**Work item:** In your copy, include every entry exactly as written but no pictures.
───── Input records
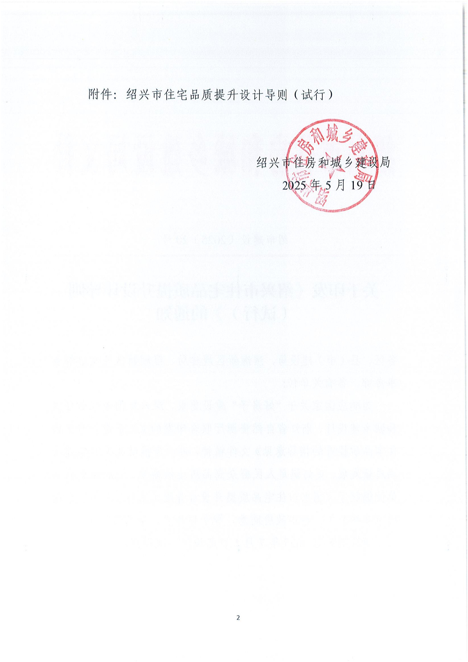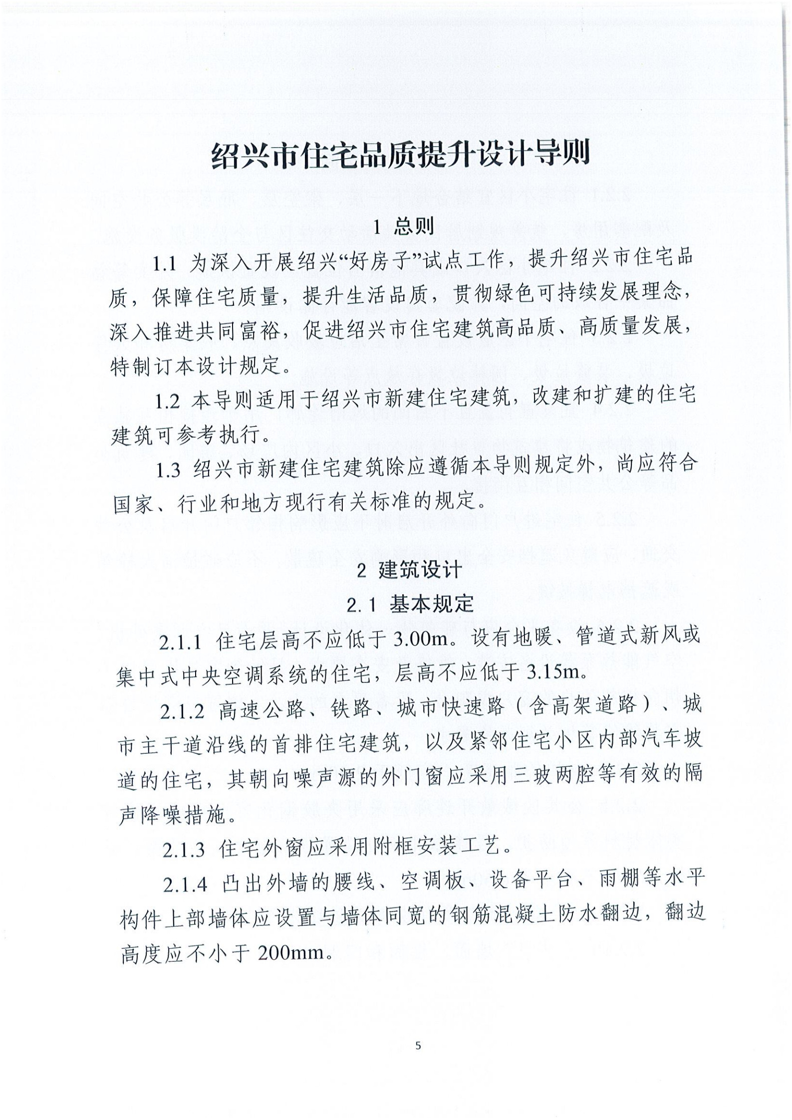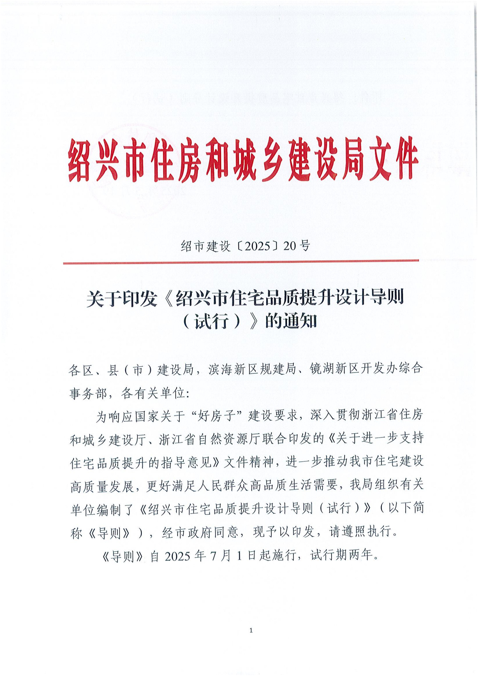 時間:2025-05-22 16:10:21 作者:GBWindows 來源:行業網站 閱讀:556內容摘要:導讀2025年05月19日,紹興市住房和城鄉建設局牽頭制定《紹興市住宅品質提升設計導則》,旨在從設計源頭提升住宅品質,打造安全、舒適、可持續的居住環境。詳情如下↓關于印發《紹興市住宅品質提升設計導則(試行)》的通知各區、縣(市)建設局,濱海新區規建局、鏡湖新區開發辦綜合事務部,各有關單位:為響應國家關于“好房子”建設要...導 讀 2025年05月19日,紹興市住房和城鄉建設局牽頭制定《紹興市住宅品質提升設計導則》,旨在從設計源頭提升住宅品質,打造安全、舒適、可持續的居住環境。
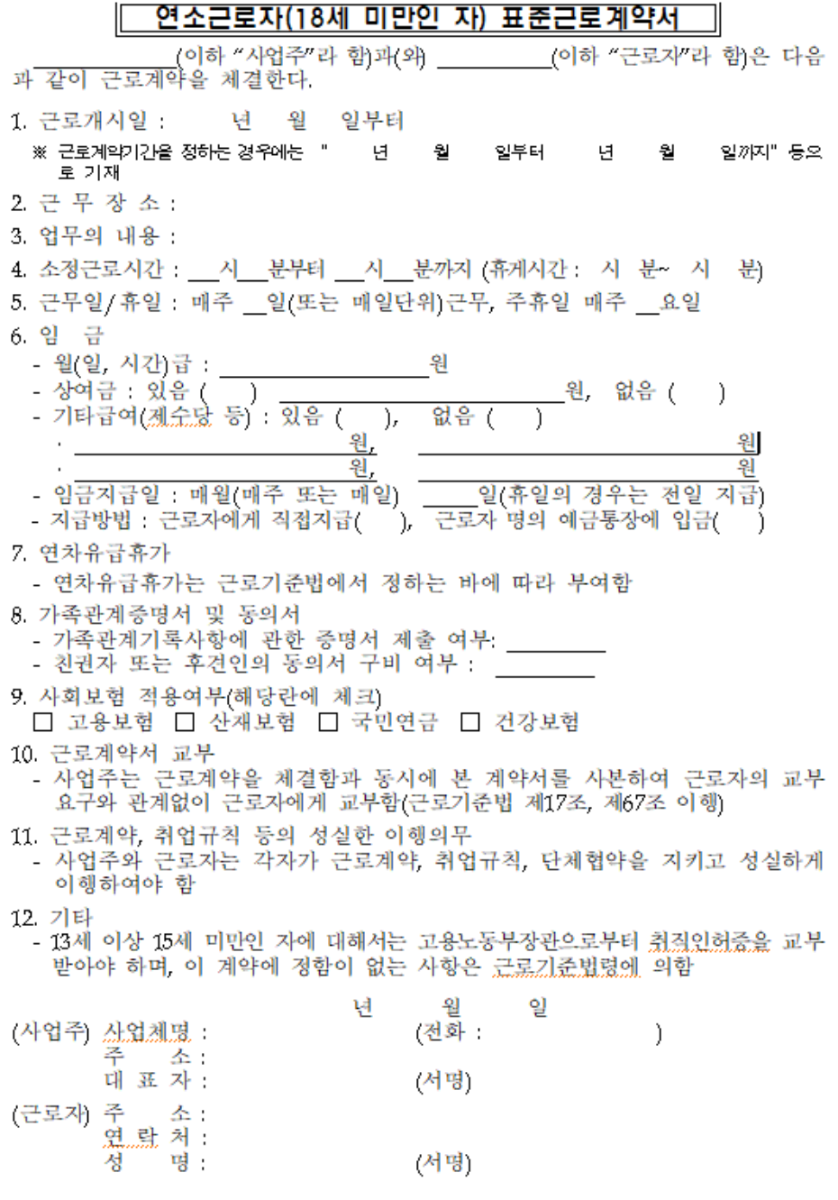 ⦁ 연소근로자(18세 미만인 자) 표준근로계약
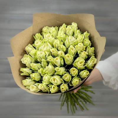 65 зелено-розовых роз в крафте Кения 40 см.| 8 100 Р | без скидки |
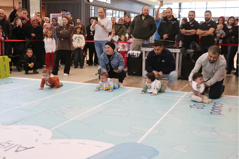 Başlangıç çizgisinden emekleyerek anne ve babalarına ulaşmaya çalışan bebekler, ailelerinin gösterdiği oyuncak, biberon ve telefonla varış alanına ilerlemeye çalıştı.
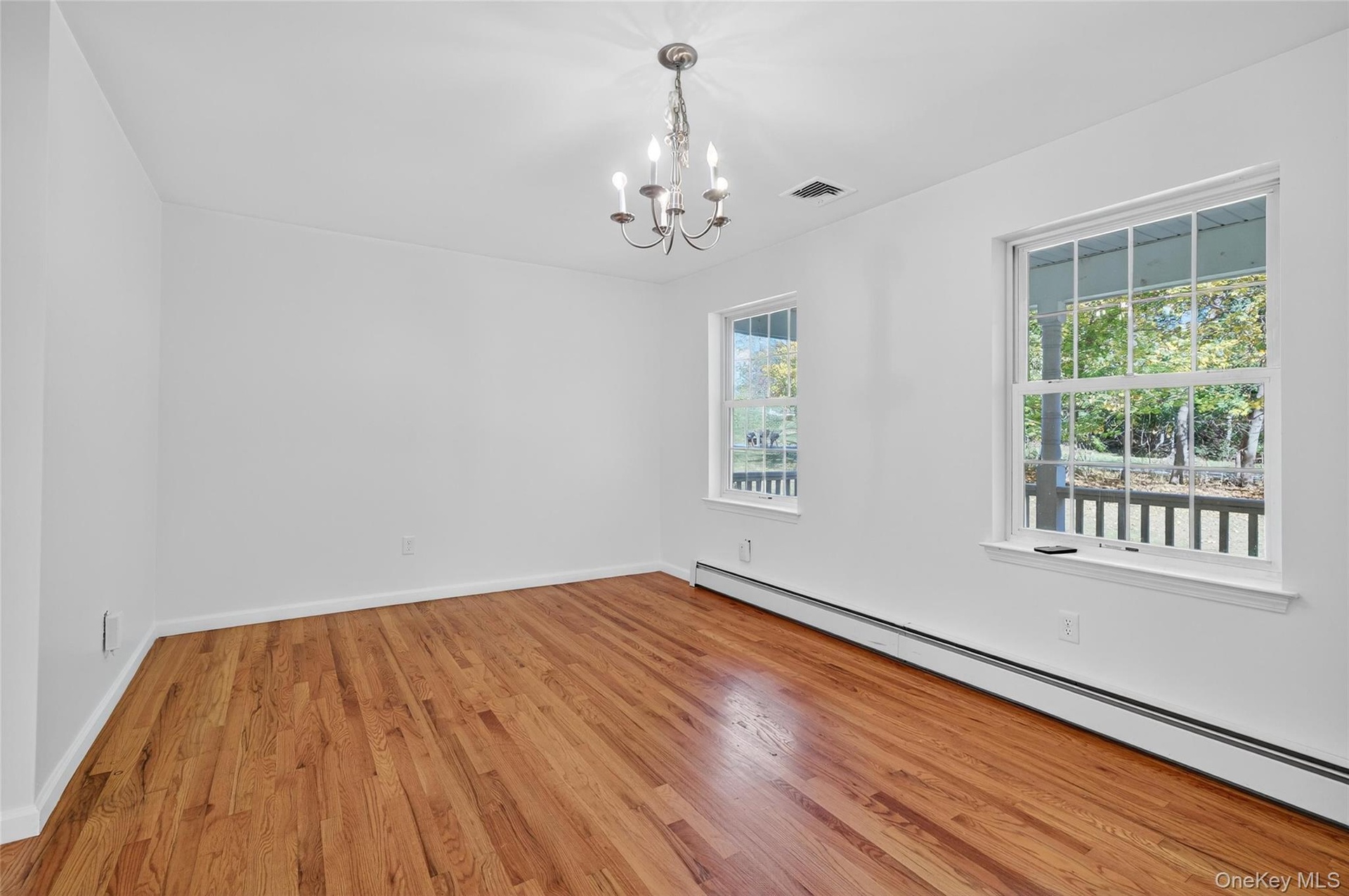 - Unfurnished room with a baseboard heating unit, light wood-type flooring, and a chandelier
──────────
**Response area:**
 時間:2025-05-22 16:10:21 作者:GBWindows 來源:行業網站 閱讀:556內容摘要:導讀2025年05月19日,紹興市住房和城鄉建設局牽頭制定《紹興市住宅品質提升設計導則》,旨在從設計源頭提升住宅品質,打造安全、舒適、可持續的居住環境。詳情如下↓關于印發《紹興市住宅品質提升設計導則(試行)》的通知各區、縣(市)建設局,濱海新區規建局、鏡湖新區開發辦綜合事務部,各有關單位:為響應國家關于“好房子”建設要...導 讀 2025年05月19日,紹興市住房和城鄉建設局牽頭制定《紹興市住宅品質提升設計導則》,旨在從設計源頭提升住宅品質,打造安全、舒適、可持續的居住環境。
 ⦁ 연소근로자(18세 미만인 자) 표준근로계약
 65 зелено-розовых роз в крафте Кения 40 см.| 8 100 Р | без скидки |
 Başlangıç çizgisinden emekleyerek anne ve babalarına ulaşmaya çalışan bebekler, ailelerinin gösterdiği oyuncak, biberon ve telefonla varış alanına ilerlemeye çalıştı.
 - Unfurnished room with a baseboard heating unit, light wood-type flooring, and a chandelier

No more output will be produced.